As with every year, I relish going to the AFITC event down in Montgomery Alabama. It is a great opportunity to chat with our young and not so young men and women in support and defense of this great nation. It is always an inspiring thing for me.
The event was very well attended this year and there was quite a bit of interest in our booth by both the Air National Guard and the Air Force. In addition, we had quite a few security consultants and various civilian agencies and local governments. The common reaction to the security offered by our Campus Fabric was nothing short of amazement. While most of the attendees were not red team penetration testers, many came by the booth to see how the technology works and perhaps get a little insight into exactly what the bad guys attempt to do as they infiltrate a network and its resident systems. We did have a few attempts and I am happy to say that none were successful. Again, it’s great to see penetration testers scratching their head. I even had one tester that came up and I described the technology to him and gave him a demonstration. When he mentioned that he was a red teamer I offered him the console. His reply was “Why? I would only retrace your steps with the tools you have. Clearly this stuff is solid!”.
Others were a little more dubious and they sat down and tried with their own machines. No one went further than ten minutes at the console before either giving up or coming back to ask questions. Once again, no one was successful in gaining any access or information to the targets listed. These included a small video surveillance deployment and movie distribution via IP multicast as well as the switches themselves and Extreme Management Center (XMC)! Each of the services were in their own dedicated Virtual Service Networks which included both L2 and L3 VSN’s. There also were no firewalls in the topology other than an Internet gateway for the participants VSN. While we had the capability, we did not use any route policies or access control lists in the configuration either. We showed this several times to attendees who thought that we somehow had something ‘behind the scenes’ going on. They soon saw for themselves that it was Fabric Connect, pure and simple.
Both John and Rich were ‘in their element’ as they worked the booth along side me and even in some instances stole the show!
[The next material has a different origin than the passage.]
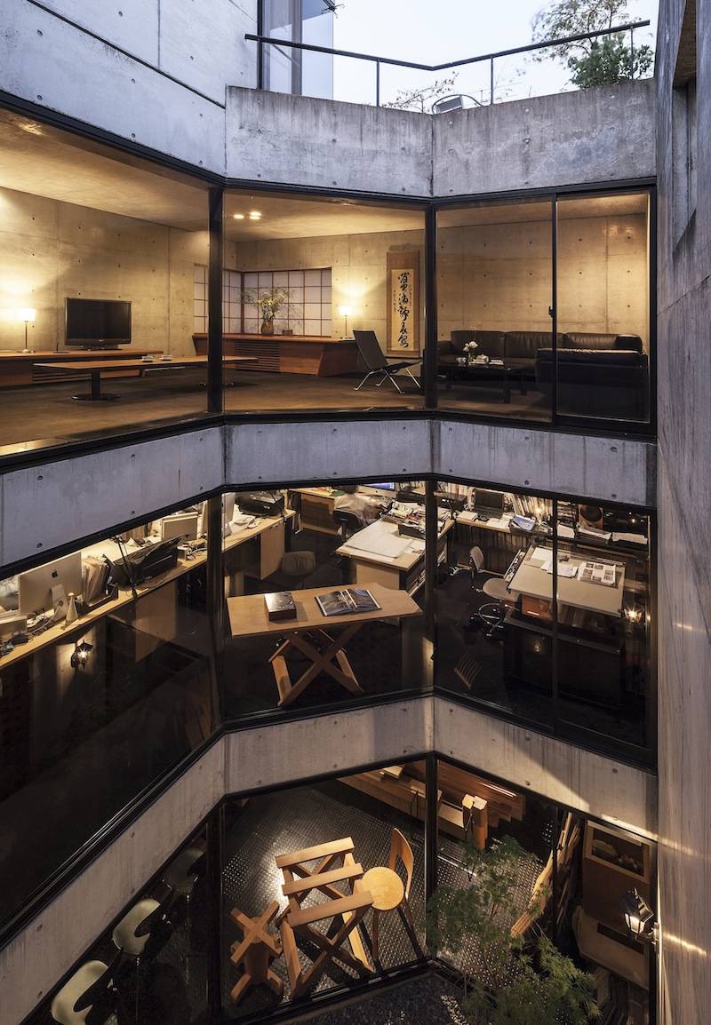 ◆外部はカタイ コンクリートで閉じ、内部はライトコート(中庭)で光と風を取り、1階から4階まで連続し流れる空間を楽しむ

Fantastic resiliency demos and some great demos of XMC as well. I also cannot forget Brenda who kept us ADD folk on task and even facilitated some of the evening events. During which we had time to have some good informal chats about the event and about us as Extreme Networks.
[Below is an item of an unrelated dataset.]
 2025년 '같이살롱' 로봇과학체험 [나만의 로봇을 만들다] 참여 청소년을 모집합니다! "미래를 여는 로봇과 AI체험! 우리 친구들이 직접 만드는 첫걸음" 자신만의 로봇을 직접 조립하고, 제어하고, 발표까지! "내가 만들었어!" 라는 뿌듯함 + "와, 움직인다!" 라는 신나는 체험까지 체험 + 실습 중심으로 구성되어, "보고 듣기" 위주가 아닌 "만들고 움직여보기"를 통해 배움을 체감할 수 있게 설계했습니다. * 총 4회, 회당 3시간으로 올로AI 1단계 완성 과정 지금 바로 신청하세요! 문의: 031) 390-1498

Apparently, the concept of not using an IP underlay was unique (as we in house already know) to the attendees at large and we sometimes needed to take time to explain how the technology could accomplish its task without the use of IP routing. Of course, certain individuals with the Air National Guard, who has been running the technology at various bases were happy to offer accolades to the solution. Everyone, particularly the security consultants were highly intrigued and saw for themselves the value that this networking technology can do to enhance the security posture of an organization or enterprise.
To close, it was a great event and I am already looking forward to next year! I always walk away refreshed in knowing that we have great people both in our military as well as it’s supporting industries. One of the more memorable statements by one of the attendees was “Wow! No one else here at this event is putting their technology up as a target. As a matter of fact, I’ve never seen anyone do this outside of Defcon. Obviously, you guys are really confident in this technology.”
I smiled and replied, “We have confidence because we know”.